ACTIVITY – Pictures do not belong in the copy. Write out exactly the lines from the one containing "Đây là bản xem" through the end of the data.

Stored records
· · · ·

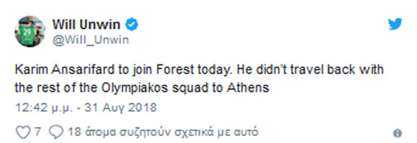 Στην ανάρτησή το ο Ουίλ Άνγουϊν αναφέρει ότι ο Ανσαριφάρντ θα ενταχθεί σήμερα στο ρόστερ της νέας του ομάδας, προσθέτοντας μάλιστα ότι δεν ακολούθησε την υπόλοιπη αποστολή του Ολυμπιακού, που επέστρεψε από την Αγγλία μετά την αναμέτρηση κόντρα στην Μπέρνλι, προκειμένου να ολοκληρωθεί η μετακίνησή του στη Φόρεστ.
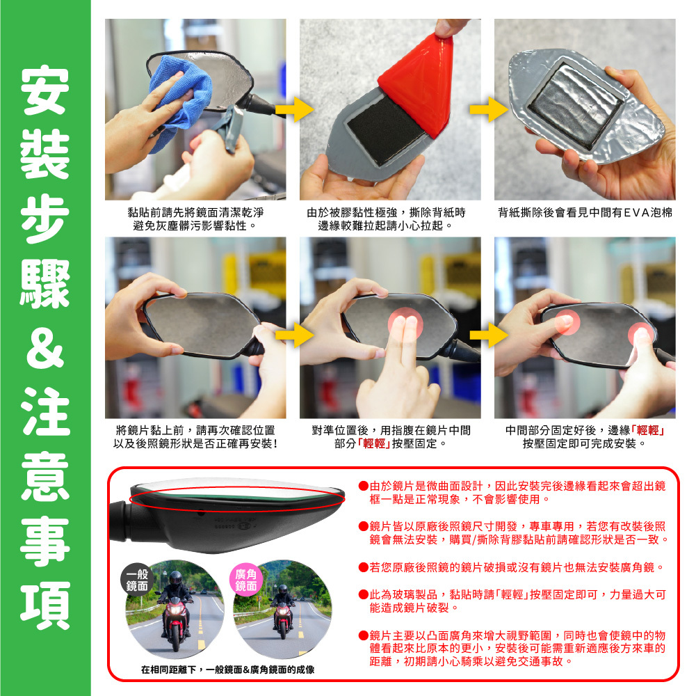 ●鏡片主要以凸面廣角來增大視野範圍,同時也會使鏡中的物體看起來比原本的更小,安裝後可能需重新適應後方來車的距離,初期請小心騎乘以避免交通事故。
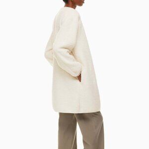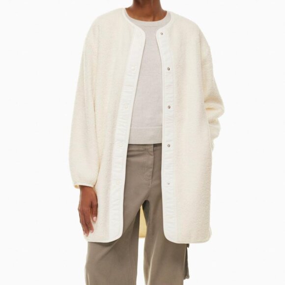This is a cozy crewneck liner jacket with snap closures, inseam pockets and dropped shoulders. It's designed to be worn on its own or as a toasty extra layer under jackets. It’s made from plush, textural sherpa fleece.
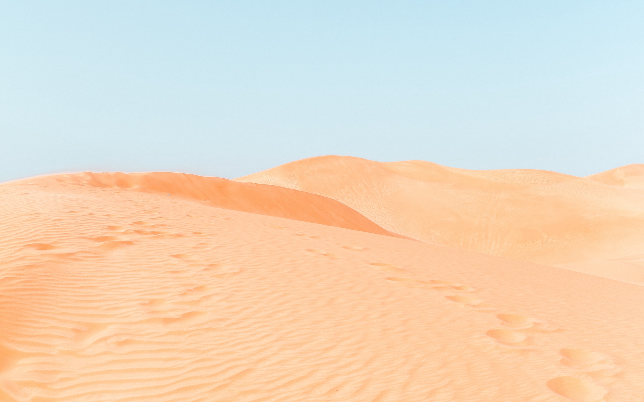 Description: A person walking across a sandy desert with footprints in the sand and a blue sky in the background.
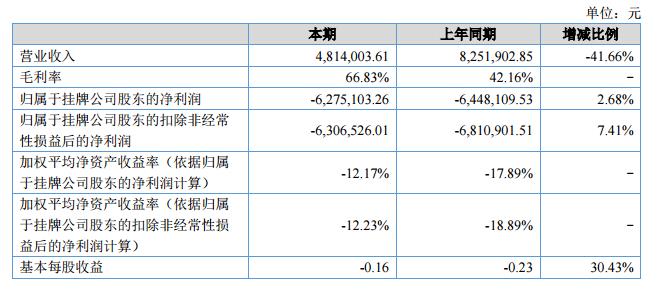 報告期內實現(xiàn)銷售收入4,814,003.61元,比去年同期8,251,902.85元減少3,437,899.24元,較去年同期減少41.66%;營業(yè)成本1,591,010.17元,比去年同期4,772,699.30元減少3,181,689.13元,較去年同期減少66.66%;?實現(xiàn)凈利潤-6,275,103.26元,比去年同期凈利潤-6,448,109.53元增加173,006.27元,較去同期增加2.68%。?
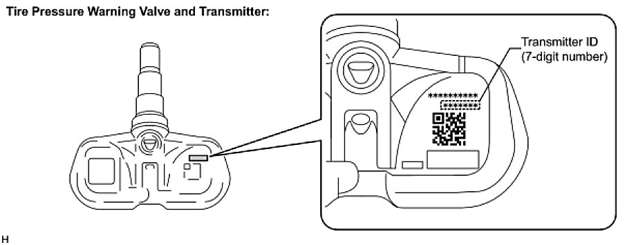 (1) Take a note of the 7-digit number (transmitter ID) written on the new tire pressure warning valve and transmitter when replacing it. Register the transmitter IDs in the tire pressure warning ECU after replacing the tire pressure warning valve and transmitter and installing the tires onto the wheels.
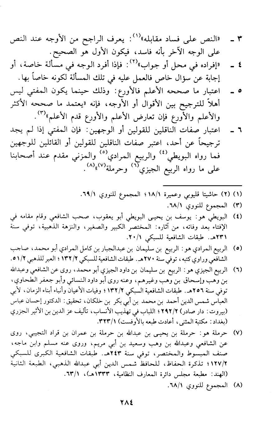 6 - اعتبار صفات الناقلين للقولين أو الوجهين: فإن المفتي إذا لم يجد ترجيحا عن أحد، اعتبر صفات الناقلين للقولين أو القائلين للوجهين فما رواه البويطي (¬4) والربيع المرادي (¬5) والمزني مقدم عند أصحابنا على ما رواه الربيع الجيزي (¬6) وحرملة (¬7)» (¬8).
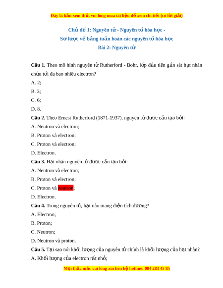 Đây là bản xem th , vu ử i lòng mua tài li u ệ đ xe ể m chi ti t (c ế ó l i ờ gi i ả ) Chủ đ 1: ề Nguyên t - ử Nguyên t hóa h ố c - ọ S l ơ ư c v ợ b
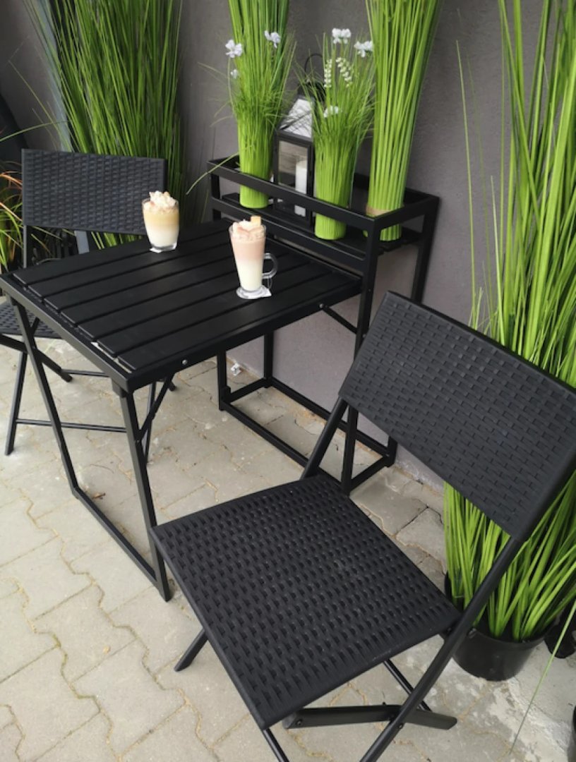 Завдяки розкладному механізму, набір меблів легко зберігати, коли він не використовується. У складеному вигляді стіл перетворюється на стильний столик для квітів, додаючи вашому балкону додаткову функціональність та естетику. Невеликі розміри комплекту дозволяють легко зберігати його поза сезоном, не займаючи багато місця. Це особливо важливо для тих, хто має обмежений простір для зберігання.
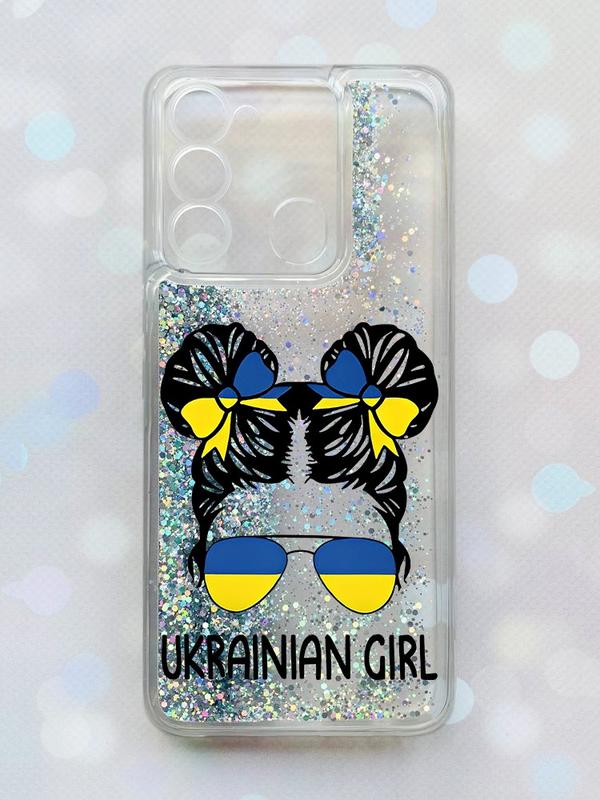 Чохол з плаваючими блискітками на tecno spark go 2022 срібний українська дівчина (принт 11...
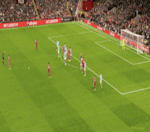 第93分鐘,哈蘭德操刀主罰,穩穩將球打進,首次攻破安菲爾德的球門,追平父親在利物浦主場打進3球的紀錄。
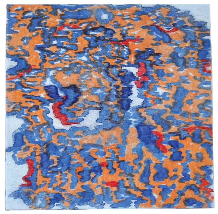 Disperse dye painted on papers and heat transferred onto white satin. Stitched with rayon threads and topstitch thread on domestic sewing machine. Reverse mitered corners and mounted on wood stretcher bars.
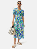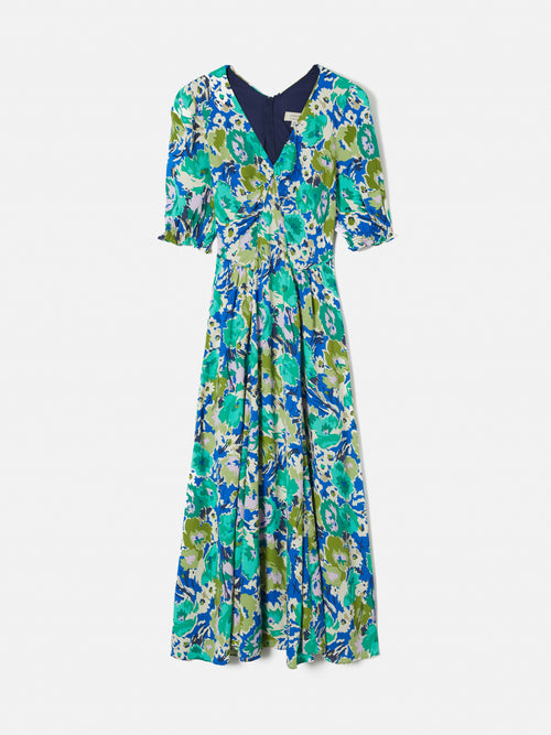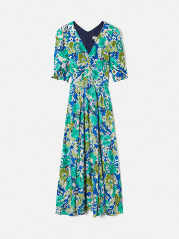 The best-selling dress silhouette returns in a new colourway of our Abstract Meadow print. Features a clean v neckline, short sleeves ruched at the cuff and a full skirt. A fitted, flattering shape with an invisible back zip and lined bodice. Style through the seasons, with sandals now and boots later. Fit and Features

· · · ·

PROBLEM SOLUTION –
 Đây là bản xem th , vu ử i lòng mua tài li u ệ đ xe ể m chi ti t (c ế ó l i ờ gi i ả ) Chủ đ 1: ề Nguyên t - ử Nguyên t hóa h ố c - ọ S l ơ ư c v ợ b
 Завдяки розкладному механізму, набір меблів легко зберігати, коли він не використовується. У складеному вигляді стіл перетворюється на стильний столик для квітів, додаючи вашому балкону додаткову функціональність та естетику. Невеликі розміри комплекту дозволяють легко зберігати його поза сезоном, не займаючи багато місця. Це особливо важливо для тих, хто має обмежений простір для зберігання.
 Чохол з плаваючими блискітками на tecno spark go 2022 срібний українська дівчина (принт 11...
 第93分鐘,哈蘭德操刀主罰,穩穩將球打進,首次攻破安菲爾德的球門,追平父親在利物浦主場打進3球的紀錄。
 Disperse dye painted on papers and heat transferred onto white satin. Stitched with rayon threads and topstitch thread on domestic sewing machine. Reverse mitered corners and mounted on wood stretcher bars.
 The best-selling dress silhouette returns in a new colourway of our Abstract Meadow print. Features a clean v neckline, short sleeves ruched at the cuff and a full skirt. A fitted, flattering shape with an invisible back zip and lined bodice. Style through the seasons, with sandals now and boots later. Fit and Features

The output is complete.